3. Corruption flourishes in secrecy and wherever the people and the press tolerate it. Cockroaches and dirty campaigners love and live in the dark shadows. When their activities are undisclosed, the corrupters go about their business unimpeded. When the news media decline to explore and investigate suspicious practices, they fail in their most basic responsibilities. When the electorate learns of such practices via the press or other means and tolerates corruption (if only through inaction such as neglecting to punish the perpetrators at the polls), the voters contribute to an environment that nurtures corruption.
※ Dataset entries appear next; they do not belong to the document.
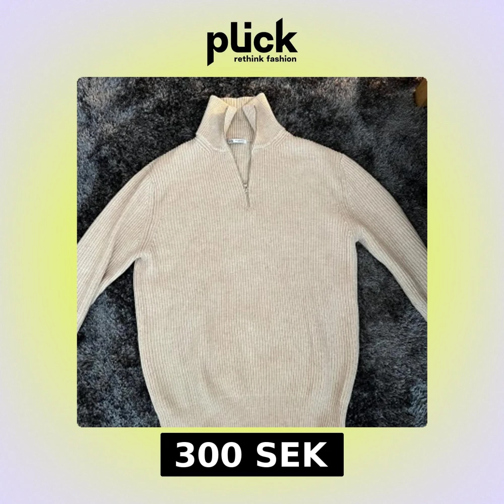Säljer en beige ribbstickad tröja från Zara i storlek L. Perfekt för lager-på-lager och snygg höst- eller vinterstil.
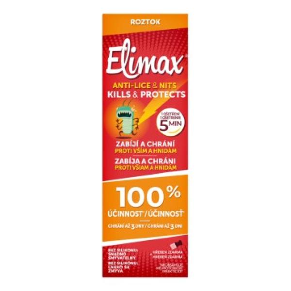 Účinný roztok Elimax zabíjí vši a hnidy a zároveň odpuzuje nové vši, čím chrání vlasy před opětovným zavšivením už při 1 ošetření.
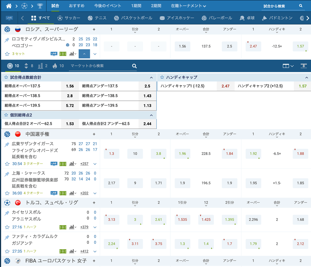 画面左には他のスポーツの試合情報が映されるので、観戦中に次に賭ける試合の選択も可能です。

4. A system of government or politics can be at least as corrupting as human nature itself. We have studied politicians in close proximity for years, and as much as it may disappoint the cynics, we have not found politicians to be venal as a class. While there are a number of individual exceptions, most professional politicians, especially those already in public office, want to do good or seek to do the right thing, if doing good is an option that does not result in their political demise. However, if the “normal and customary” practices of campaigning engaged in both parties are seedy, and if a candidate believes “everybody’s doing it, and if I don’t do it, I may lose,” then most politicians will suspend their ethical codes. They will willingly accept a distasteful means that ensures what they regard as the good and essential end of their continued power. In other words, otherwise ethical people are put at a disadvantage by a corrupting system and almost forced to do unto others as they are being done to. Strict ethicists will correctly argue that the truly honorable person would not stoop to conquer, whatever the provocation. Yet reasonable reformers must keep in mind that the professional politician has a “power gene” in his or her genetic code that overrides all usual inhibitions to achieve victory or maintain power–and genetic engineering, however advanced it may become, will never be able to change that reality.
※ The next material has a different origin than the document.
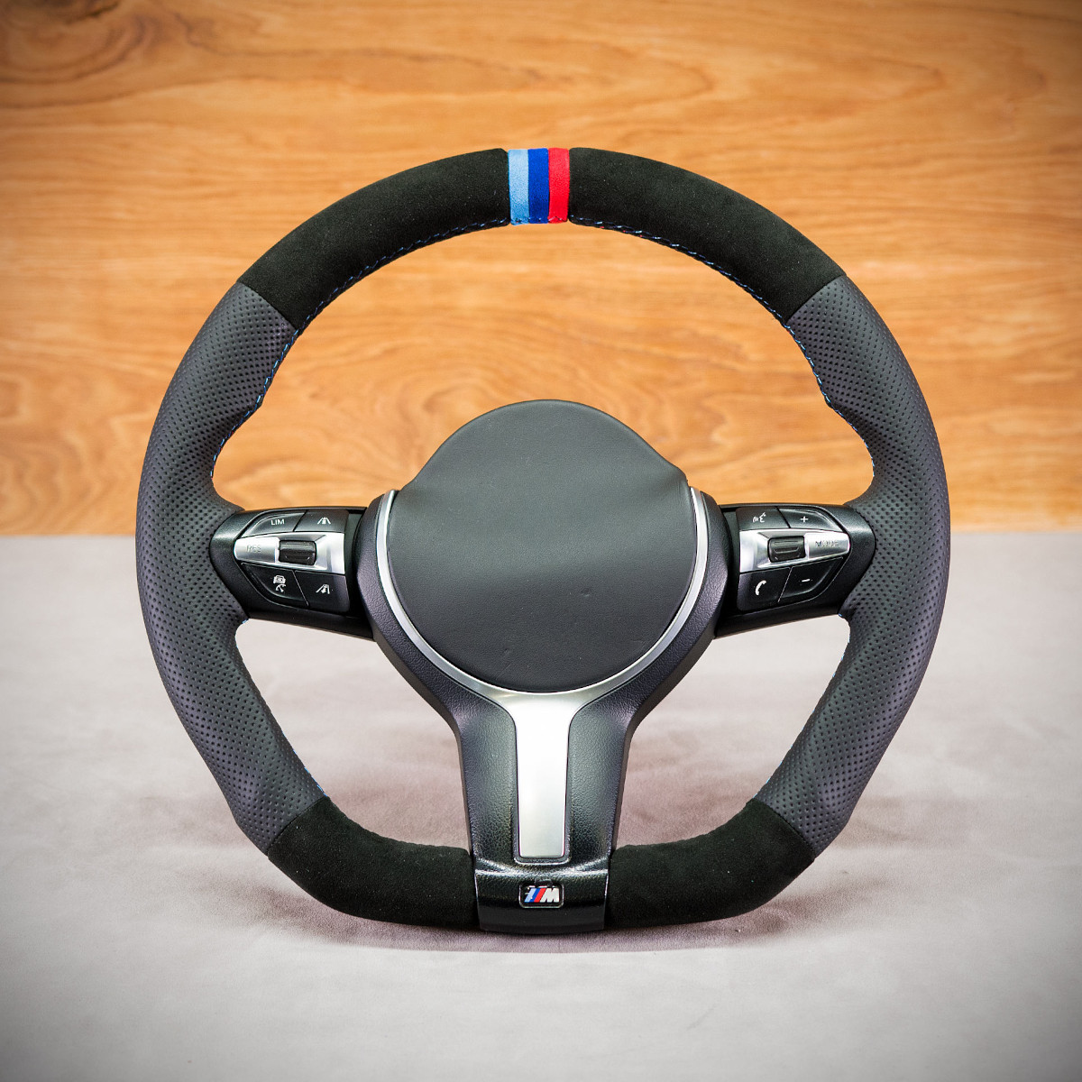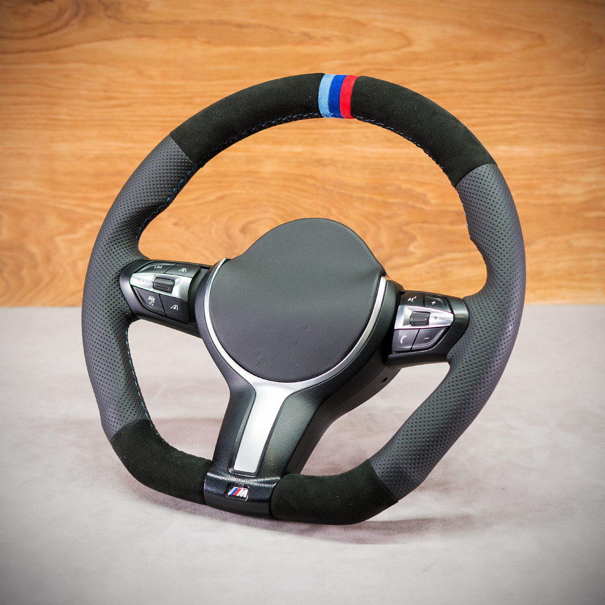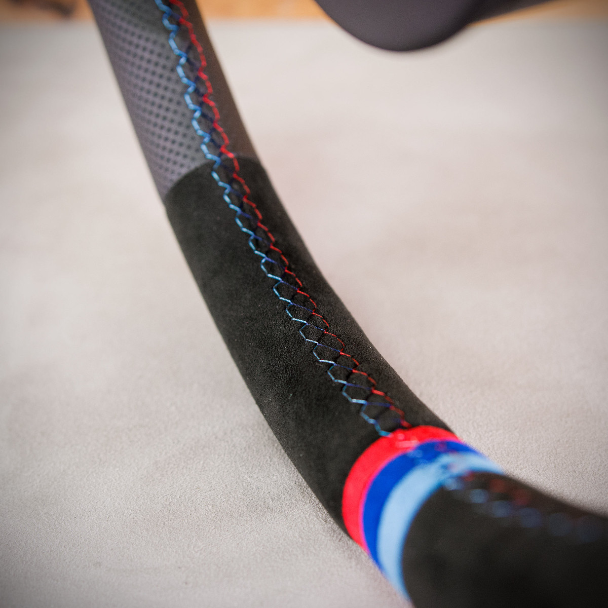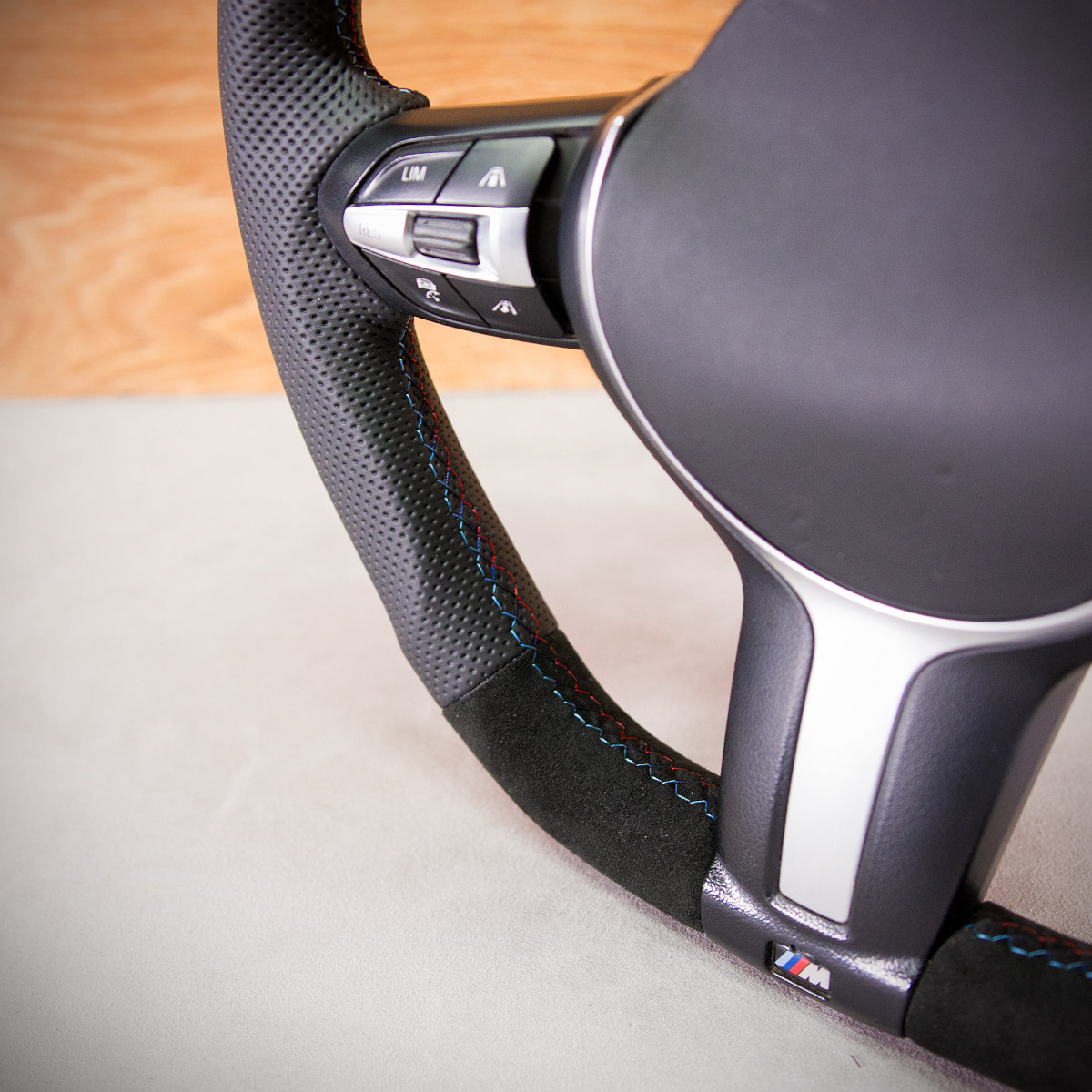 Bardzo wyraźny tuning kierownicy BMW F32 poprzez połączenie modyfikacji oraz obszycia. Kierownica obszyta Alcantarą® oraz skórą perforowaną. Są to materiały najlepszego gatunku stosowane na rynku motoryzacyjnym. Alcantara jest bardzo modna oraz elegancka. Perforowana skóra zalecana jest na boki. Perforacja, czyli dziurki, nie są wykonane na wylot a jedynie wytłoczone w skórze. To nadaje komfort trzymania.

5. Any crusade to eradicate corruption is naive and doomed to failure, but corruption can be controlled and limited. The political mind is ingenious and the stakes high, and … given our First Amendment freedoms of speech and association in the United States, there can never be an airtight statutory solution to [political corruption]. In fact, as the Corrupt Practices Act and the Federal Election Campaign Act show, almost every attempt to revise and “improve” the election laws is guaranteed to create new, unforeseen loopholes that will be exploited in time, bringing discredit upon those very same high-minded reforms. Instead, sunshine is the most powerful disinfectant for corruption, and the exposure can force corrupt custom to change by turning the socially or politically acceptable into the unacceptable, utilizing the awesome power of public opinion.